Author Contributions: Dr Easton had full access to all of the data in the study and takes responsibility for the integrity of the data and the accuracy of the data analysis. Drs Schmidt and Easton are joint senior authors.

Concept and design: Easton, Schmidt, Mavaddat.

Statistical analysis: Mavaddat, Dorling, Carvalho, Allen, Easton, Schmidt.

Acquisition, analysis, or interpretation of data and critical revision of the manuscript for important intellectual content: All authors.

Drafting of the manuscript: Mavaddat, Easton, Schmidt.

Obtained funding: Devilee, Teo, Easton, Schmidt.

Administrative, technical, or material support: Bolla, Wang, Keeman.

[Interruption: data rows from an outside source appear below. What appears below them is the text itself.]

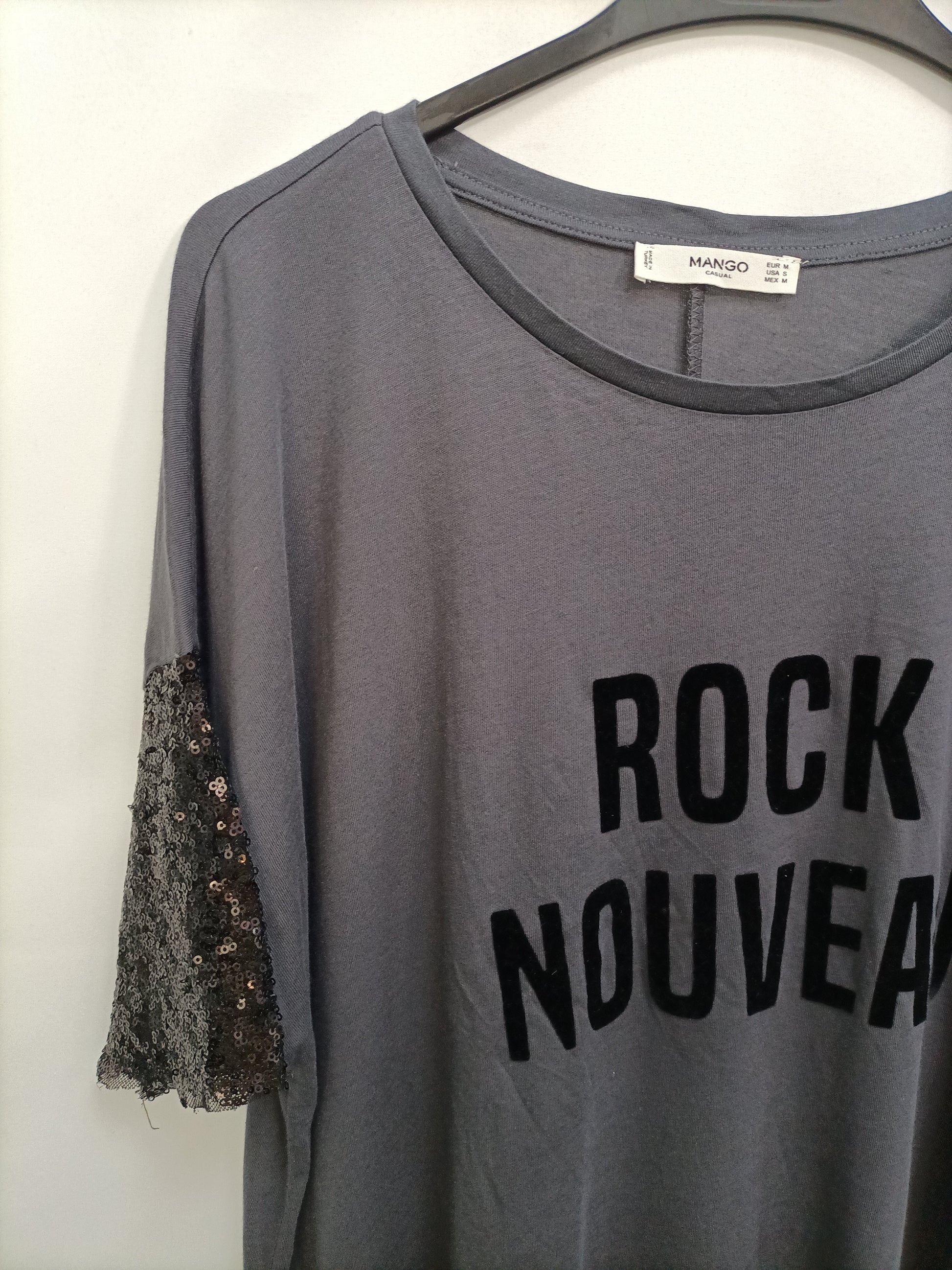 Camiseta letras con detalle de lentejuelas en las mangas. Elastica. Oversized. largo 62 cm
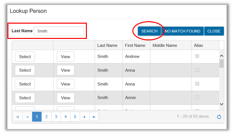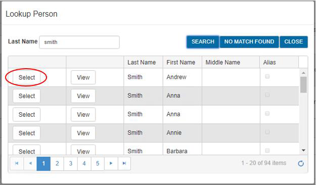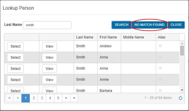 If you cannot find a match to the person you want to add to the case, click on the “No Match Found”
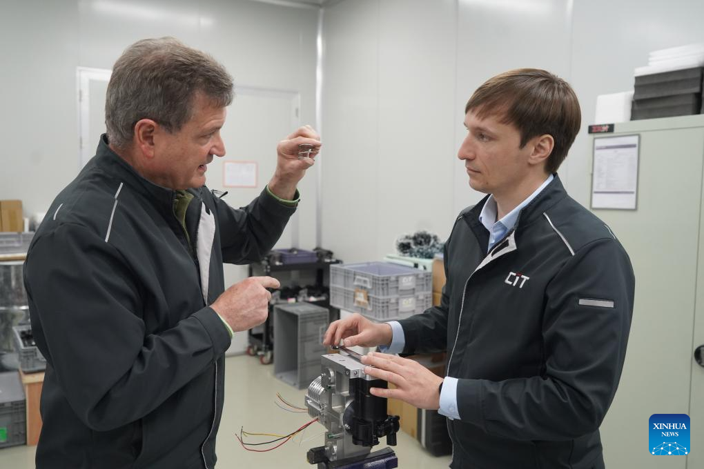 Christopher Praetzas (L) and Jiang Xiaohua discuss product experiments at a precision machining workshop of CIT (Taicang) Automotive Technology Co., Ltd. in Taicang, east China's Jiangsu Province, on Feb. 25, 2026. (Photo by Liu Zhenrui/Xinhua)

Conflict of Interest Disclosures: Dr Mavaddat reported grants from the University of Cambridge, European Union Horizon 2020, Wellcome Trust, Genome Canada, Canadian Institutes of Health Research, and National Cancer Institute during the conduct of the study. Dr Allen reported grants from EU Horizons 2020 during the conduct of the study. Dr Bolla reported grants from Cancer Research UK and the National Institutes of Health (NIH) during the conduct of the study. Dr Andrulis reported grants from NIH during the conduct of the study. Dr Briceno reported grants from Universidad de la Sabana during the conduct of the study. Dr Fasching reported personal fees from Roche, Lilly, Novartis, Pierre Fabre, Gilead, Seagen, Eisai, Daiichi Sankyo, AstraZeneca, Merck Sharp & Dohme, and Pfizer and grants from Cepheid and BioNtech during the conduct of the study. Dr Giles reported grants from National Health and Medical Research Council during the conduct of the study. Dr Hahnen reported personal fees from AstraZeneca outside the submitted work. Dr Hartikainen reported grants from Cancer Foundation Finland during the conduct of the study. Ms Morra reported being paid by an EU grant during the conduct of the study. Dr Park-Simon reported being a recipient of the Claudia von Schilling Stiftung Award during the conduct of the study. Dr Schmutzler reported grants from German Cancer Aid during the conduct of the study. Dr Southey reported grants from National Health and Medical Research Council (NHMRC) (Australia) during the conduct of the study. Dr Spurdle reported grants from the NHMRC during the conduct of the study. Dr Pharoah reported grants from Cancer Research UK during the conduct of the study. Dr Kvist reported grants from European Union Horizon 2020 research and innovation program BRIDGES during the conduct of the study. Dr Nevanlinna reported grants from Helsinki University Hospital, Sigrid Juselius Foundation, and Cancer Foundation Finland during the conduct of the study as well as honorarium from AstraZeneca outside the submitted work. Dr Camp reported grants from the University of Utah, Huntsman Cancer Foundation, and the National Cancer Institute. Dr Schmidt reported grants from EU during the conduct of the study. Dr Easton reported grants from the European Commission and Wellcome Trust outside the submitted work. No other disclosures were reported.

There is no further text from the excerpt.